Otto Warmbier Dies

The University of Virginia student who was imprisoned by North Korea was returned in a coma last week to his family.

Otto Warmbier
Otto Warmbier attends a news conference in Pyongyang, North Korea, in this photo released by Kyodo on February 29, 2016. (Reuters )

Updated at 5:17 p.m. ET

Otto Warmbier, the University of Virginia student who spent a year in a North Korean prison before being released last week in a coma, died Monday, his family said. He was 22.

“We would like to thank the wonderful professionals at the University of Cincinnati Medical Center who did everything they could for Otto,” the Warmbier family said in a statement. “Unfortunately, the awful torturous mistreatment our son received at the hands of the North Koreans ensured that no other outcome was possible beyond the sad one we experienced today.”

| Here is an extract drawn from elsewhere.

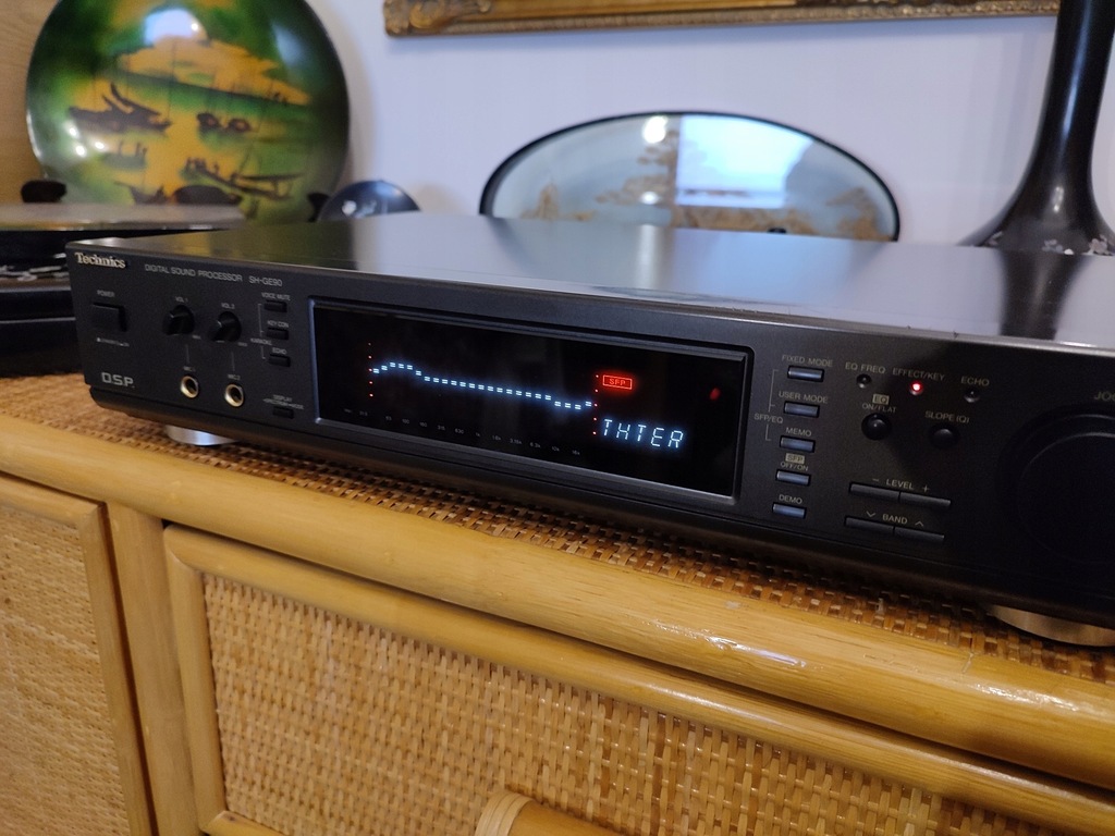 Technics SH-GE90 jako cyfrowy procesor/korektor doskonale sprawdza się, zarówno do systemów DVD jak i AUDIO – dzięki niemu można samodzielnie ustawić dźwięk do swoich indywidualnych upodobań. Dodatkowo posiada on wiele ciekawych funkcji np. Karaoke. Procesor wyposażony jest również w duży, bardzo czytelny wyświetlacz pokazujący zakres pasma odtwarzanego dźwięku, który robi naprawdę duże wrażenie. Sprzęt ten ma bardzo wysokie parametry dźwiękowe oraz duże możliwości dostosowania barwy dźwięku według naszego uznania. Ma możliwość skonfigurowania własnych ustawień i zapisania ich. Analizator widma może pracować w 3 trybach wyświetlania. Możliwości tego korektora są ogromne, pozwala odkryć każdy zestaw audio na nowo, może dodać basu , przejrzystości , po prostu ustawić dźwięk tak jak lubimy. I wiadomo strona wizualna - nic tak nie zwraca uwagi jak słupki korektora skaczące w rytm muzyki.

Warmbier returned to his home near Cincinnati, Ohio, last week after more than a year of imprisonment in North Korea where he was sentenced in March 2016 to 15 years of hard labor for allegedly stealing a propaganda sign from his hotel. North Korea said he was stricken with botulism soon after he was sentenced and was given a sleeping pill, after which he fell into a coma. But officials at the University of Cincinnati Medical Center, where he was taken upon his return from North Korea, said last week Warmbier exhibited no signs of contracting botulism, noting his injuries were consistent with “cardiopulmonary arrest, where the blood supply to the brain is inadequate for a period of time, resulting in the death of brain tissue.”

Warmbier’s father said Friday he did not believe Pyongyang’s claims, adding his son had become “fodder” for the regime.

“When Otto returned to Cincinnati late on June 13th he was unable to speak, unable to see, and unable to react to verbal commands,” his family’s statement continued. “He looked very uncomfortable—almost anguished. Although we would never hear his voice again, within a day the countenance of his face changed—he was at peace. He was home and we believe he could sense that.”

President Trump, whom Warmbier’s father credited for freeing his son, condemned “the brutality of the North Korean regime” in a statement, adding that: “Otto’s fate deepens my Administration’s determination to prevent such tragedies from befalling innocent people at the hands of regimes that do not respect the rule of law or basic human decency.”

Senator Rob Portman, Republican of Ohio, who advocated for Warmbier’s release, called Warmbier’s death a “tragic loss.”

“Otto Warmbier was such a promising young man. He was kind, generous and accomplished. He had all the talent you could ever ask for and a bright future ahead of him,” Portman said in a statement. “His passing today is a loss for Ohio and for all of us.”

Warmbier was one of four U.S. citizens to be detained in North Korea. The others are Kim Dong-chul, 62, who was sentenced in April 2016 to 10 years of hard labor for spying; Kim Sang-duk, who was detained in April of this year; and Kim Hak-song, who was detained last month for “hostile acts.”